表紙には1927年12月に東洋で初めて地下鉄上野~浅草間が開通した際のポスターを取り入れた。三越のデザイナーを務めた杉浦非水氏が身分関係なくさまざまな人が乗車している姿を華麗な色彩で描いている (新潮社/1800円+税)


 本作『地中の星』は、早川徳次が、当時としては途方もない事業だった地下鉄計画をスタートアップし、財界大物と技術者たちの協力を取り付けていくというストーリー。地下鉄開設に向けて東奔西走した早川の苦労をベースに据えつつ、あくまで「早川自身が土を掘ったわけではない。地下鉄を書くからには工事の作業にあたった人まで描きたい」と筆をとった。
 計画当初は誰も共感してくれない。技術者や役人は「東京は地盤が軟弱だから絶対にできない」と相手にせず、庶民は「地面の下に電車が走ったら崩れる」「自分の家の下に得体の知れないものが走られちゃぁたまんねえ」と恐怖心を抱く。後生を生きるわれわれにとっては、地下鉄が走るのは当たり前。雨に濡れずにデパートで買い物ができることももはや珍しくない。「かつて恐怖を感じていた時代がもう想像できないが、それを克服したのは紛れもなく、土木工事に携わった人々のおかげだ」
 だからこそ、土留めと杭打ち、覆工、掘削、コンクリート施工、電気設備、5つの工程に携わった現場監督に光をあてた。読者にわかりやすく伝えるため、施工を担当した大倉土木(現在の大成建設)の現場総監督・道賀竹五郎のほか5人の現場監督を設定し、前人未到の難工事に挑む衝突や葛藤、誇りを描きながら、物語を紡いだ。

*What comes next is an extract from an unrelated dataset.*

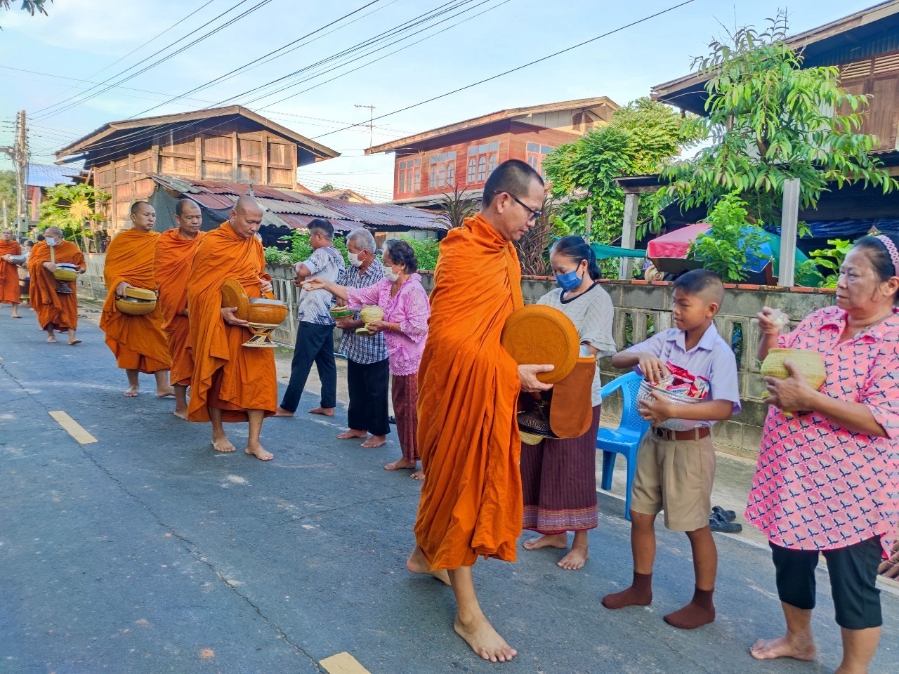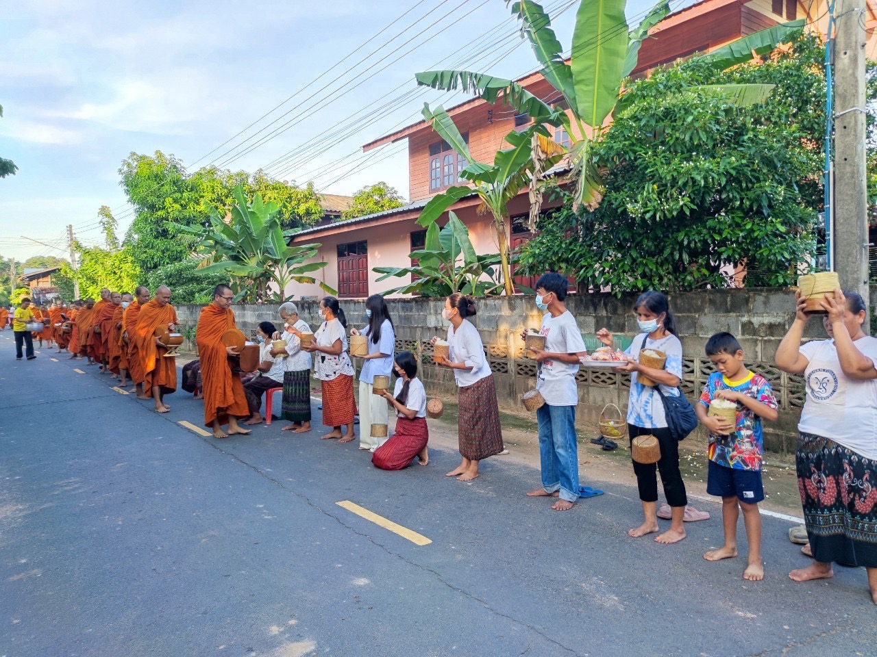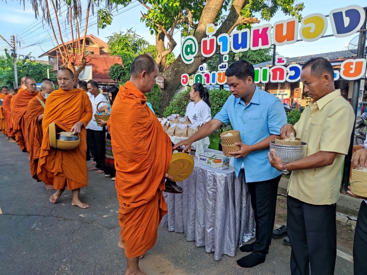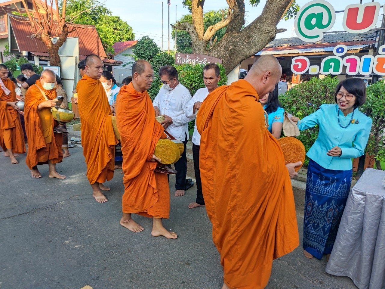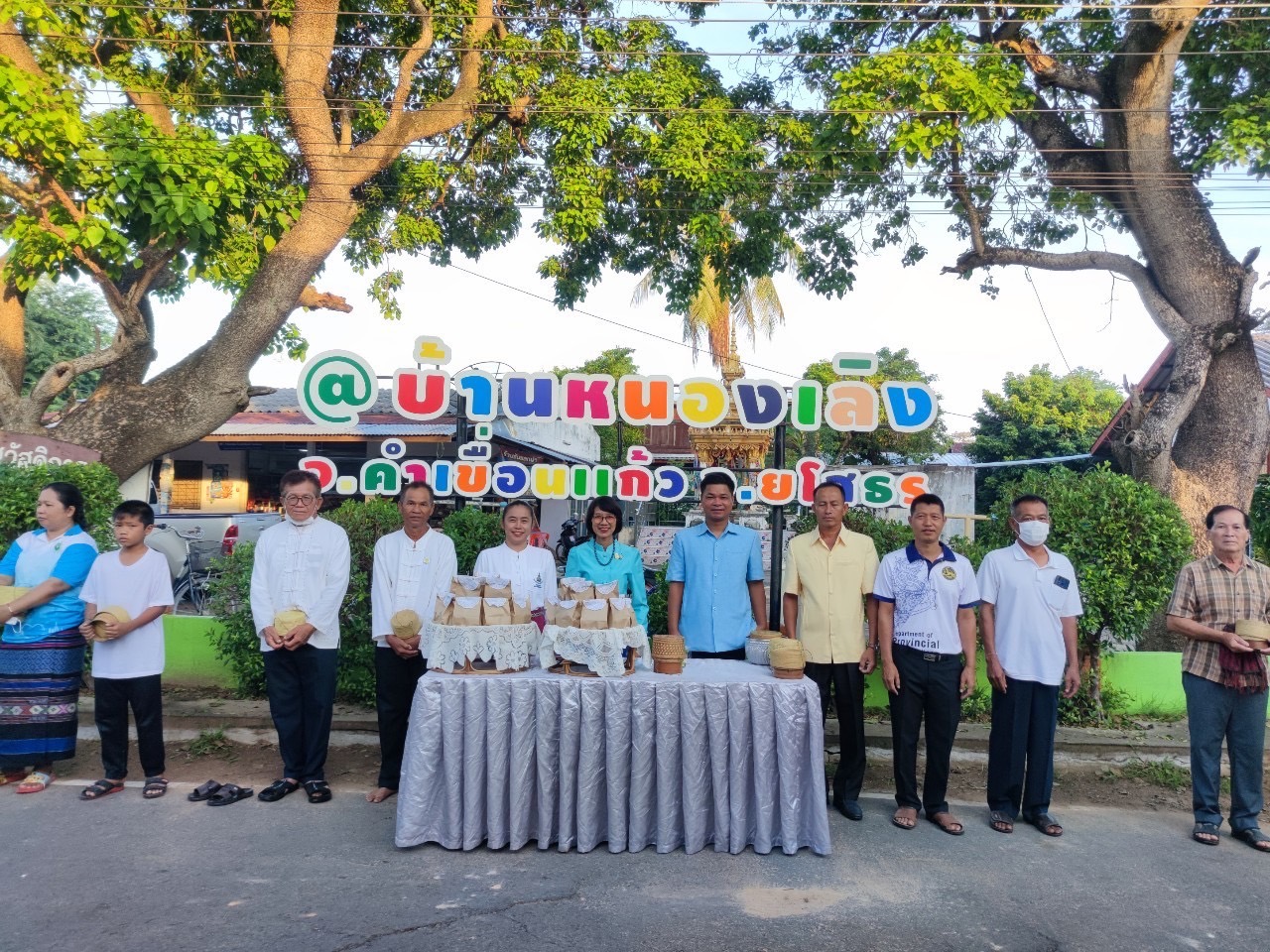 กิจกรรมสวมใส่ผ้าไทยทำบุญตักบาตรสร้างถนนสายวัฒนธรรม และถวายภัตตาหารแด่พระสงฆ์ ณ วัดหนองเลิง หมู่ที่ ๓ ตำบลแคนน้อย

 題材を決めてから取材にかけた時間は、約5年間に及ぶ。かつての大事業を掘り起こすのは容易ではない。まず、資料調査は欠かせない。工事を調べようにも、いまのように動画もなく図版も乏しい。そこで最も読み込んだのは東京地下鉄道の社史だ。高価ではあったが古本屋で入手したその本は、「日本初の事業を後世に伝えるというきわめて明確な意図をもって書かれていた」。何枚も付箋を貼りつつ、暗号を解読するかのように読み進めた。
 「とりわけ土木技術に詳しいわけでも、鉄道マニア顔負けの知識があるわけでもない」からこそ、専門外の用語を理解するべく率直に資料を読み込み、なるべく平易な言葉に落とし込んだ。この工事で誕生したとされる「エンドレスバケット」「ベルトコンベーヤー」のほか、「スキップホイスト」、ATS(列車自動停止装置)などはその一例にすぎない。
 位置を把握し地図に正確に書き込む。実際に、日本初の地下鉄で現在の銀座線上野~浅草間の地上を歩いたことも思い出深い。それぞれの街の特色を感じると同時に、当時の“地中”の人々に思いを馳せた。「崩落事故をも乗り越え、あれほど大変な苦労があったにもかかわらず、約2.1㎞という距離はあっという間」だと感じた。

 当時、早川だけでなく工事に携わった全員が社会的な責任感をもって取り組んだ。「今の時代でも、(現場で働く方々のこういった思いは)必ずしもメインにはならない。だが後世に必ず理解される。ここにひとりの味方がいると思って読んでほしい」
 「監督たち、技術者たち、無数の人足たち。彼らは胸像どころか名前すら遺ることがなく、そのことに不満も言わなかった。地中の星はいま、そのほとんどが肉眼で見えない」。物語のラストはこう結んだ。 

(かどい・よしのぶ)
1971年群馬県生まれ。同志社大学文学部卒。2003年にオール読物推理小説新人賞を受賞しデビュー。18年に『銀河鉄道の父』で直木賞を受賞。『家康、江戸を建てる』『屋根をかける人』など著書多数。